The present invention relates to a method and system for training a self-converging generative network, and more particularly, to a self-converging generative network in which a latent space and an image space gradually converge using a single network.

RELATED ART

Currently, a great development has been made in terms of image recognition or classification through research using a deep neural network (DNN), particularly, a convolution neural network (CNN). In addition to simply recognizing or classifying an image, research on a generative model for generating an image is also being actively conducted. Dissimilar to a classification model, the generative model refers to a model configured to generate data from a latent space and importance and use thereof are increasing. In general, the generative model may be a model that may generate data and application thereof is not limited to generating data. Since being able to generate data indicates having all information on the data, many issues related to the data may be solved.

Generative models that are actively studied in the recent times include a variational auto-encoder (VAE) and a generative adversarial network (GAN). These two models represent a method of directly learning an image in pixel units and a method of indirectly learning an image. The VAE generally uses a pixel-wise loss of learning an image by directly comparing pixel values of the image. The GAN refers to a method of learning through competitive training using an adversarial loss of a discriminator and a generator and may be a method of indirectly learning an image through the discriminator, which differs from the pixel-wise loss. The VAE and GAN are both generative models designed to create images from a latent space, but use different methods to learn images, resulting in different characteristics in the images they generate.
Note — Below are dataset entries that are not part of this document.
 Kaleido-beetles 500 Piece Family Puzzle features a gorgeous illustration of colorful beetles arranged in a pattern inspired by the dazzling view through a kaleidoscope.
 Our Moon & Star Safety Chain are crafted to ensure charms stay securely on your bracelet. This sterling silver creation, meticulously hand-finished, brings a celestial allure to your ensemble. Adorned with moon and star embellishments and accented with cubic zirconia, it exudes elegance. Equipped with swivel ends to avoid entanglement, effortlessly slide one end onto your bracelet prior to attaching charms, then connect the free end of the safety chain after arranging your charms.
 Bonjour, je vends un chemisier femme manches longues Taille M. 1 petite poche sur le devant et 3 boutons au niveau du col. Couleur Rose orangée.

In the case of the pixel-wise loss, a training image is directly learned in a pixel space rather than explicitly considering the structure or properties of the underlying image manifold and thus, an image to which average effect of training images is applied is generated, which generally shows producing a blurry image compared to the GAN. In particular, in the case of the VAE, since a plurality of images may be learned in a single latent space by sampling and training a latent vector, this tendency is more prominent. In the case of adversarial loss, since loss is not calculated in pixel units, training is performed to approximate data present in image manifold and blurry effect is generally less. Due to this characteristic, the adversarial loss currently results in producing a more realistic image than the pixel-wise loss in generating an image. However, although the GAN shows excellent results in terms of resulting images, the GAN also has many disadvantages.
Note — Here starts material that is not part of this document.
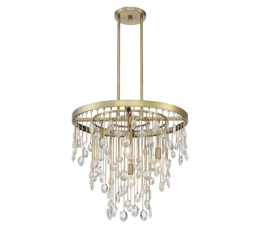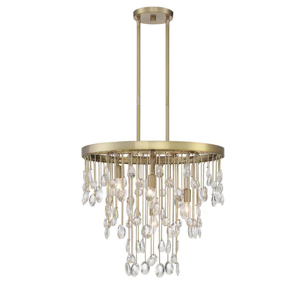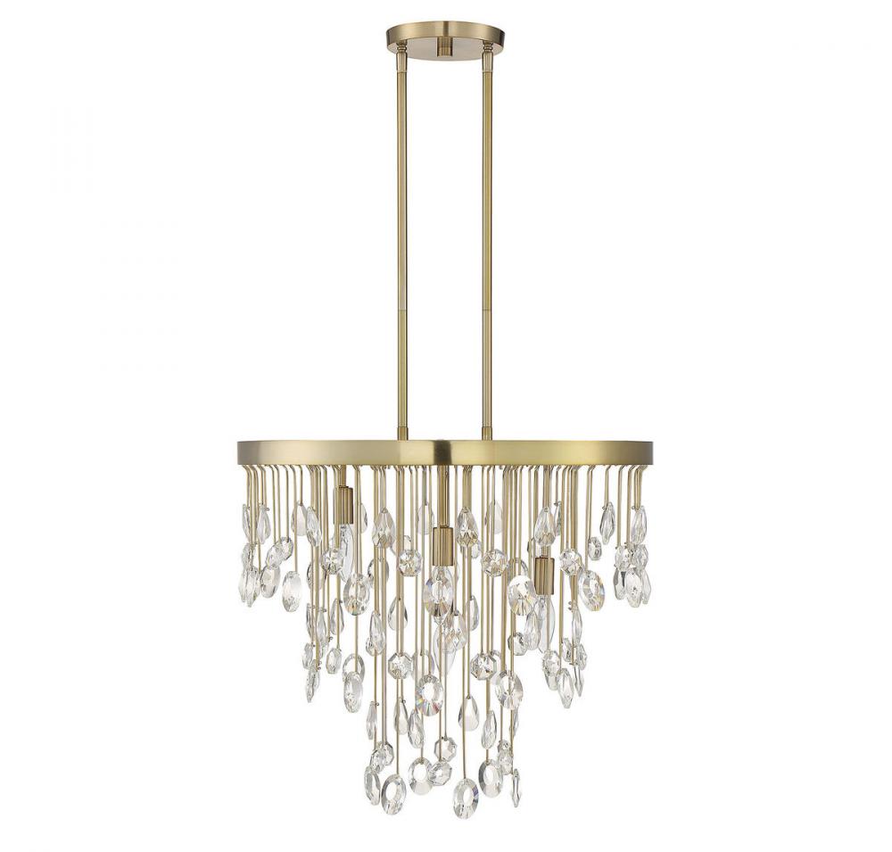 If you are looking for lighting that makes a big style statement, look no further than this Savoy House Livorno 4-light pendant. Every aspect of Livorno is thoughtfully designed to create the biggest impact, from the lights that hang at different heights to the 3 tiers of beautifully faceted crystals in different shapes and sizes. This is the perfect way to indulge your craving for updated Hollywood Regency glamour in any room, including foyers, living rooms, kitchens and bedrooms. Finished in Noble Brass. This fixture is 21" wide and has an adjustable height that ranges from 25" to 71". Uses 4 candelabra size bulbs of up to 60 watts each (not included).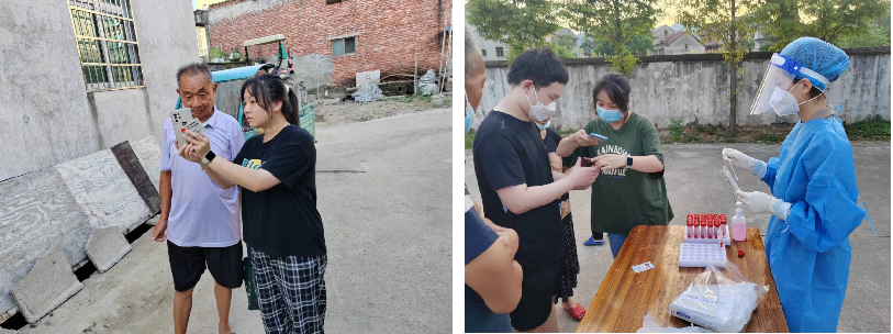 从8月15日开始,每天早上六点半,她开始挨家挨户地进行工作,有住偏远一点地方的还需要跨过大片竹林。等到了傍晚五点半,她开始投身到防疫一线,协助医护人员给村民做核酸检测,查看村民们的健康码,为他们扫码入录身份信息,维持队伍秩序,一直到晚上八点才回到家里。如此高温条件下,她没有抱怨,积极工作,将冶院学子积极向上,无畏艰辛的良好风貌展现在村民们面前,获得了村民们的一致好评。吴佳丽同学表示,作为一名冶院学子,非常荣幸能在家乡有需要的时候,做些力所能及的事情回报家乡。

There are some disadvantages of the GAN. They arise since a generator is trained through a discriminator rather than direct training through pixel differences. First, it is difficult to balance the generator and the discriminator. There are some methods for well training of the generator and the discriminator. However, nonetheless, training of the generator and the discriminator is not well performed if parameters are slightly mismatched or if a structural design is not matched at all. Second is mode collapsing that represents a phenomenon of outputting a few training data when generating samples through a GAN model. Currently, studies are being conducted for balancing, but mode collapsing still frequently occurs in a GAN structure. However, such issues arise from a structural problem of a model and thus, are not easy to fundamentally solve. Therefore, it is necessary to generate a new generative model that generates a clearer image than the VAE without causing mode collapsing. In the new generative model, it may be good to perform training without sampling as much as possible to generate a sharp image. To this end, a new method of training a latent space is required. Also, it may be good to decrease an amount of calculation by reducing the number or a size of necessary networks as much as possible.
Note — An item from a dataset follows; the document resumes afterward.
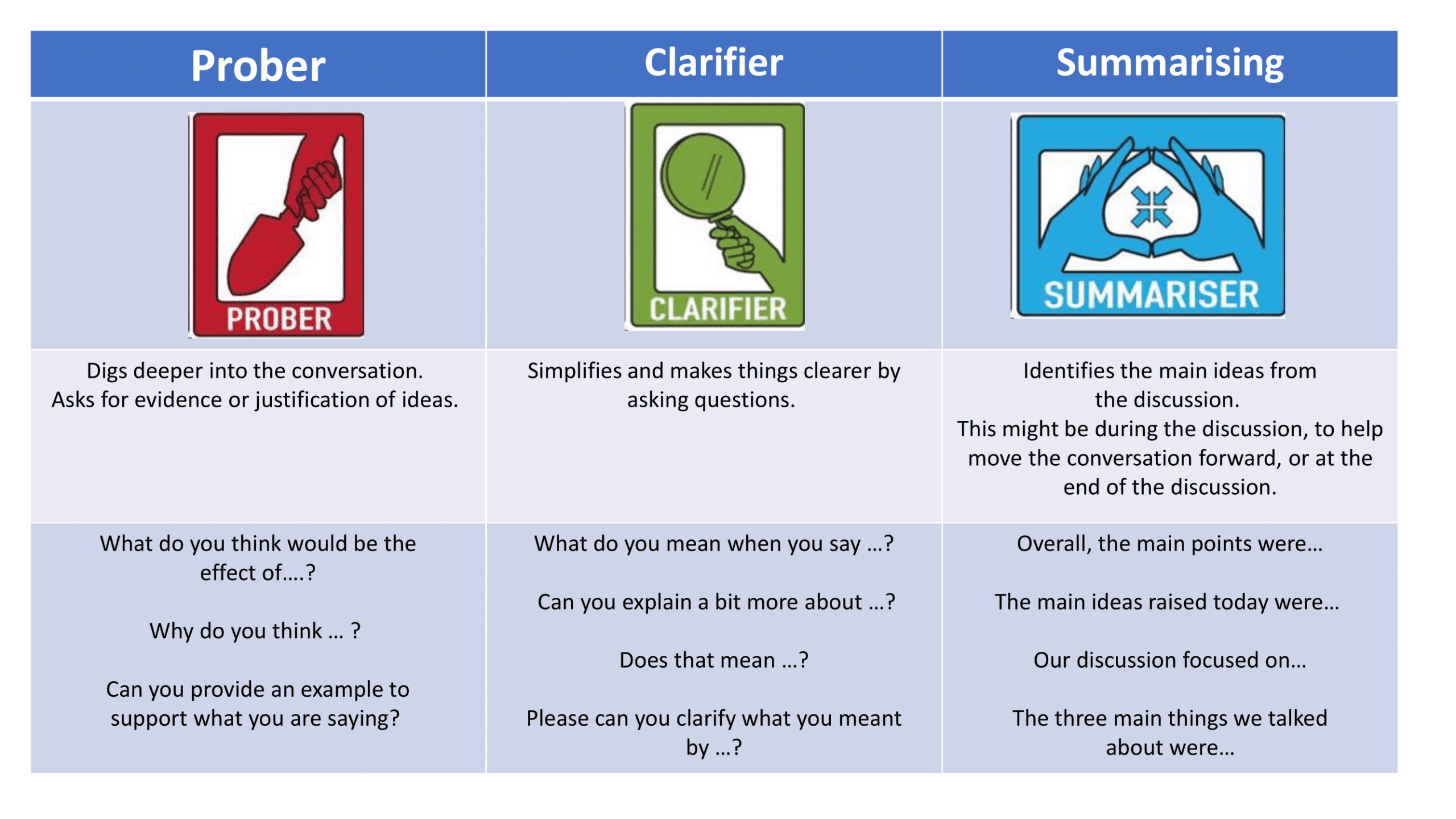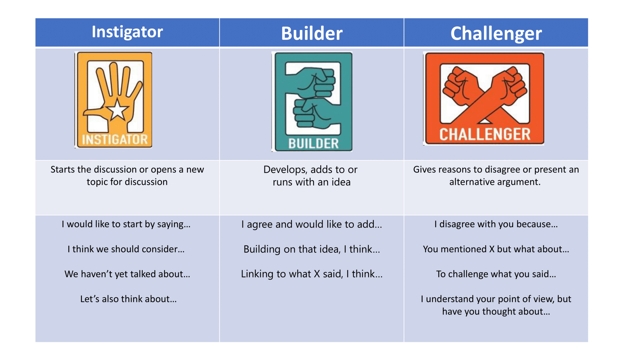 Discussion roles are used to facilitate effective discussions within the classroom.

DETAILED DESCRIPTION OF THE INVENTION Technical Subject

Example embodiments of the present invention provide a self-converging generative network (SCGN) that allows a latent space and an image space to gradually converge into a single network.

Solution

A video frame interpolation method between consecutive first and second frames of a video sequence according to an example embodiment of the present invention includes and a self-converging generative network training method according to an example embodiment includes mapping, as a pair, a training image and a latent space vector that constitute a training dataset; defining a loss function for a generator of the self-converging generative network and a loss function for a latent space; and training a weight and a latent vector of the self-converging generative network using the loss function for the generator and the loss function for the latent space.

The training may include training the latent vector to follow a normal distribution using a loss function derived from a pixel-wise loss and Kullback-Leibler (KL) divergence.

The training may include training the self-converging generative network such that the latent space self-converges and follows a normal distribution in a training process.

The mapping may include randomly initializing the latent space using a normal distribution of a preset standard deviation and pairing the latent space and an image space, thereby one-to-one mapping the latent space and the image space.

The defining may include defining the loss function of the self-converging generative network by acquiring a relationship between the latent space and an image space and by limiting the latent space within a preset target space using KL divergence.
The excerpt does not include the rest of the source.